Глейвиц - город заводов, шахт и рудников. Многолетняя черная копоть лежит на его мостовой, на тротуарах, на полях вокруг города. Здания Глейвица - серые, мрачные, прокопченные, покрытые угольной пылью. В заводских поселках Борзигверк, Юлиенхютте, Бохум, Эдельштапе и других жили десятки тысяч литейщиков, металлистов, горняков, шахтеров, химиков. Война выкачала из поселков мужскую рабочую часть населения. Остались немцы-мастера, немцы-надсмотрщики, немцы - погонщики рабов, а город оброс лагерями военнопленных. Находясь на положении рабочего скота, пленные добывали для немцев руду, ковали и плавили сталь... Заводы дымили, копоть попрежнему оседала на улицах города, где злобные немцы плевали в лицо русским девушкам, а немецкие школьники забрасывали этих девушек камнями. Теперь лагери опустели. По улицам Глейвица ходят последние из освобожденных обитателей этих лагерей не успевшие еще покинуть город. А немцы, немки и их дети, уже присмиревшие, заискивающие, шмыгают бочком мимо людей, распрямивших плечи и сбросивших с себя рабские знаки.

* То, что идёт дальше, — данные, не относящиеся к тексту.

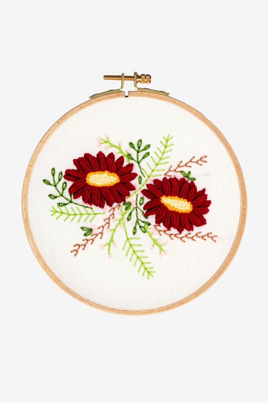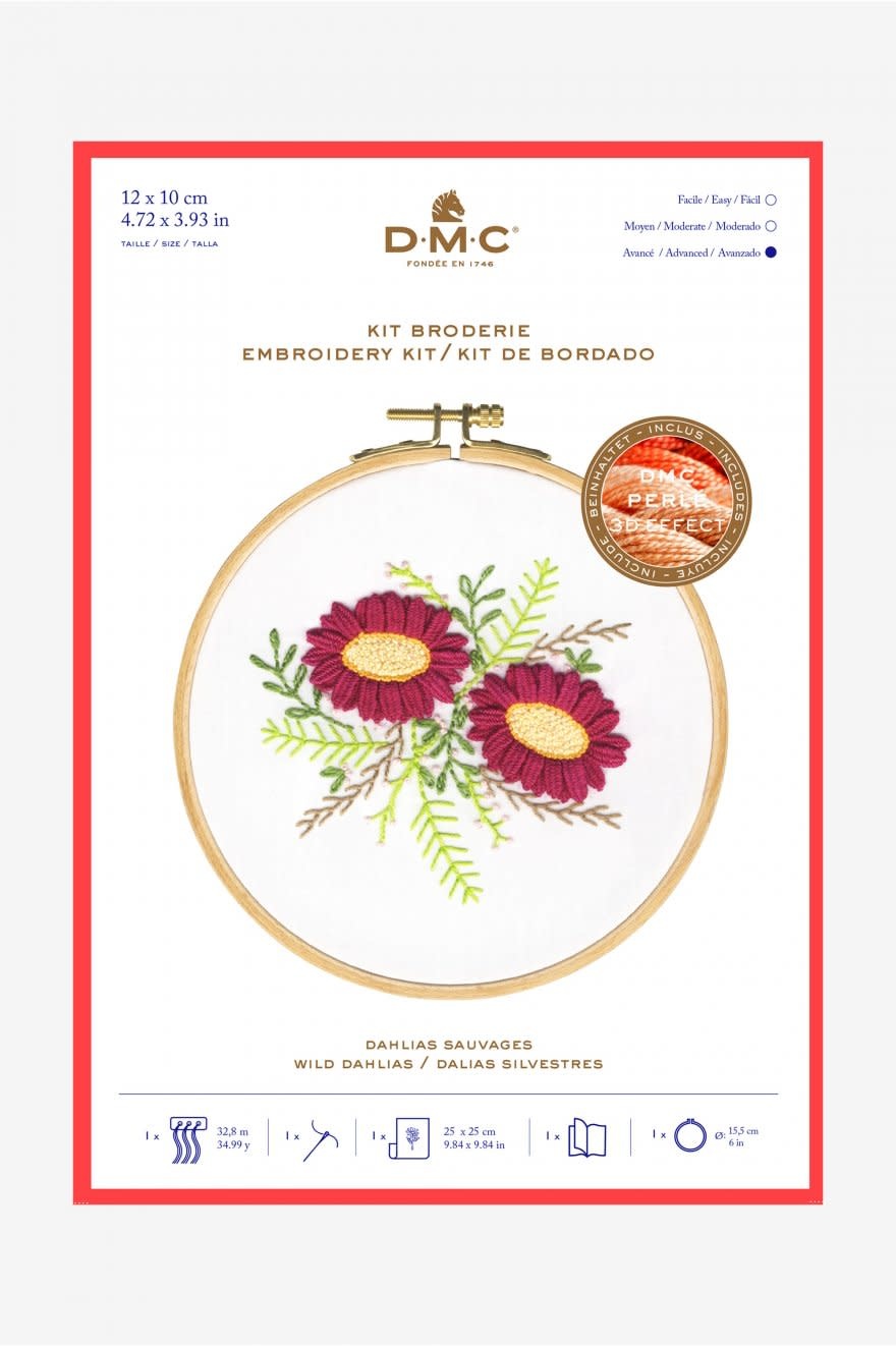 Kit en broderie traditionnelle. Motifs bouquet de fleurs Points utilisés: point de noeud, passé plat, point arrière, point lancé, point de chaînette, point de tige, point de bouclette...Niveau intermédiaire

Около грязных бараков в рабочем лагере на северной окраине города лежат до сих пор неубранные трупы. Это восставшие русские рабочие убили накануне прихода наших войск своих надсмотрщиков-немцев. Мы видели этих своих соотечественников марширующими по улицам Глейвица. Всё взрослое мужское население лагеря добровольно пошло в Красную Армию.
Во дворе каменноугольной шахты «Ориген», принадлежавшей концерну «Герман Геринг», собрались забойщики, откатчики, мастера. Из четырех тысяч рабочих здесь
больше половины были невольники. Они ушли, освобожденные Красной Армией. Немцы собрались, чтобы возобновить работу на шахте. Времена меняются. Пришла пора для немцев работать на русских.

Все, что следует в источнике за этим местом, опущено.